> _What the exercise asks_
Wherever the line with "Жестоко убитые жители Ходжалы." sits in the listing below, transcribe from it up to and including the line with "Более 60-ти тел, включая", exactly, and leave the remaining lines out.

> _Materials provided_
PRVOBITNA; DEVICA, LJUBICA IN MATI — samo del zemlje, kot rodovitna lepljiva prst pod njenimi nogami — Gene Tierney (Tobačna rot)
...
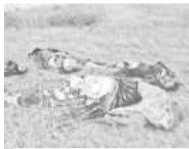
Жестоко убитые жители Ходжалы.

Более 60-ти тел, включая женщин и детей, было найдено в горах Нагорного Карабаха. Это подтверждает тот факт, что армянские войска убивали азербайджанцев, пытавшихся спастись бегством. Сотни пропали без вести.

> _Solution_
Жестоко убитые жители Ходжалы.

Более 60-ти тел, включая женщин и детей, было найдено в горах Нагорного Карабаха. Это подтверждает тот факт, что армянские войска убивали азербайджанцев, пытавшихся спастись бегством. Сотни пропали без вести.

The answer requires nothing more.